In this article, we offer an initial framing of the challenges, with full recognition of the uncertainties. We begin with a perspective on the short- and midterm disruptions and then frame scenarios for the potential impact on livelihoods in the eurozone, in the belief that some guidelines to bound uncertainty are better than none at all. As conditions change, we will adjust. We conclude with some reflections on implications for business leaders as they navigate yet another crisis.

Untangling short- and midterm disruptions

As business leaders deal with the short-term effects of the conflict, fundamental disruptions are under way that will shape the future beyond the immediate crisis. While we recognize that more challenges may emerge over time, several areas are already apparent:

The invasion of Ukraine is causing a massive humanitarian crisis. In addition to the pain and suffering experienced by those inside Ukraine, there are already more than three million people seeking refuge in neighboring nations, with similar numbers displaced within Ukraine. As in other major conflicts and refugee crises—including those in Syria and Yemen—it will be a gargantuan task for the world community to aid, shelter, and host these unfortunate people.

Once again, the vulnerable will suffer the most. Vulnerable populations are most likely to become refugees and will find it hardest to bear the rising costs of food and fuel. Aid efforts are under way globally to ensure that people’s basic needs for food, shelter, and psychological safety are met, in and beyond the conflict zone. Initial discussions on how to defray higher energy costs for all are taking place in many countries, and first funds have been made available.

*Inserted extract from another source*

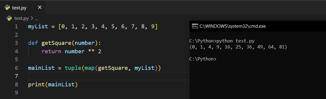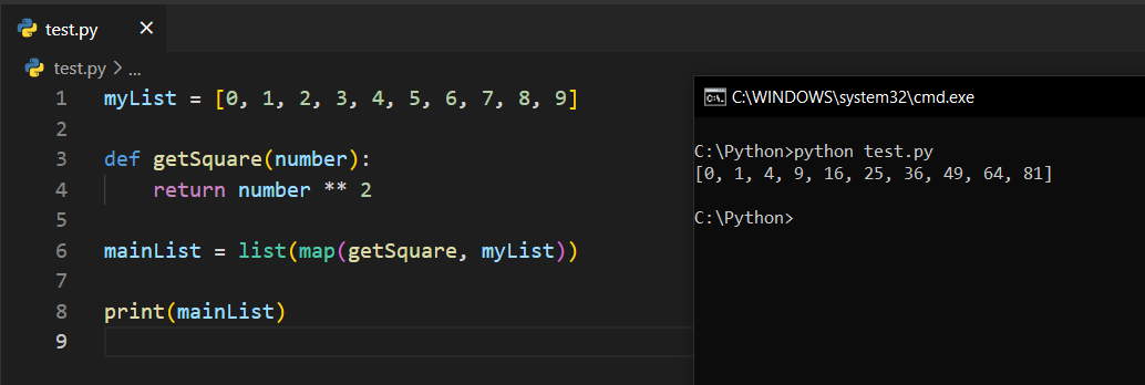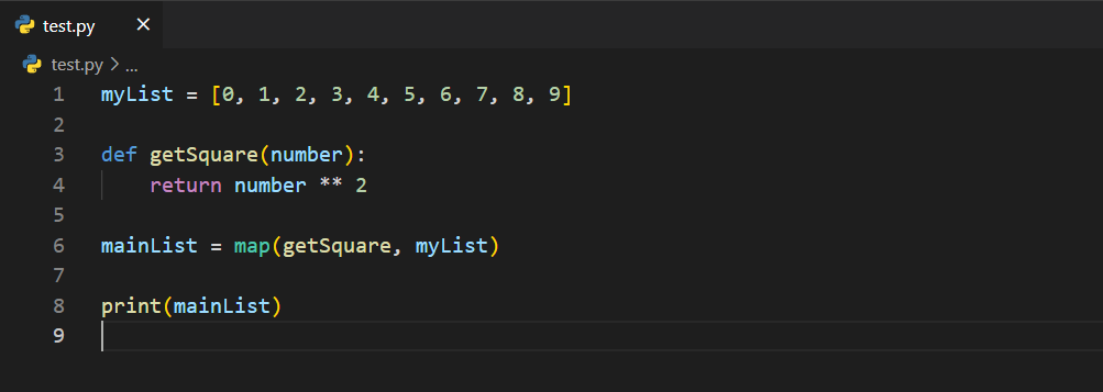Dikkat edelim; listemizin adı myList ve içerisinde 0'dan 9'a kadar olan sayılar mevcut. Bu noktada ben, def getSquare(number): şeklinde bir fonksiyon tanımladım ve return number ** 2 diyerek kare alma işlemini döndürdüm.

Energy policy is rotating toward secure access and source diversification. The role of Russian oil and natural gas globally brings into focus the importance of access to energy. While acceleration of renewable energy can solve part of the puzzle, gas will remain an important source, and nuclear and coal may become larger components of the fuel mix to secure supply, particularly to replace potential shortages of gas. The implications for achieving publicly committed net-zero emissions are not yet clear.

Food security is on the agenda. The concentration of wheat, fertilizer, and related production in Russia and Ukraine will strain food supplies globally. Securing the continual supply of food to the countries most exposed to exports from these regions is becoming a major near-term issue.

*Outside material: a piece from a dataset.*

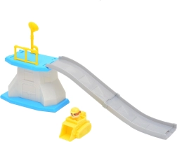 Zakrzywiona szara rampa z niebieską platformą i żółtą barierką zapewnia płynny zjazd pojazdu i mnóstwo dynamicznej zabawy.
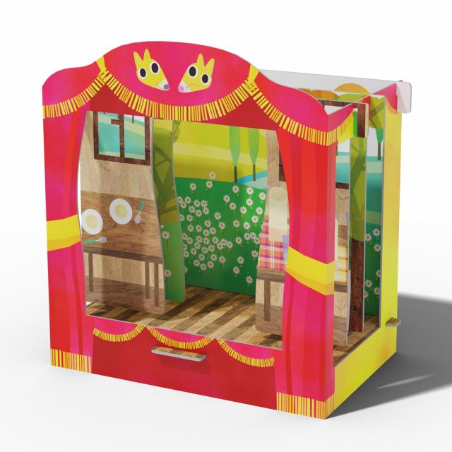 Contenuto: 1 teatrino in cartone, 3 fondali double-face, 8 quinte laterali double-face, 12 personaggi double-face, 12 stecche d’animazione, guida didattica.

The competition for critical materials, equipment, and commodities intensifies. The world’s real and perceived needs for secure access to natural resources, materials, and advanced equipment (for example, neon, nickel, palladium, semiconductors) is likely to grow and further intensify the race among nations and companies.

A new age of supply chain control efforts and localization attempts has arrived. The era of not looking too closely at supply chains, trusting suppliers, and optimizing for cost is probably over. Those behaviors, already made suspect by new tariff regimes and the COVID-19 pandemic, are now likely to be consigned to history. Governments and corporations are looking to increase supply chain resiliency and are considering innovative ways to fund these changes.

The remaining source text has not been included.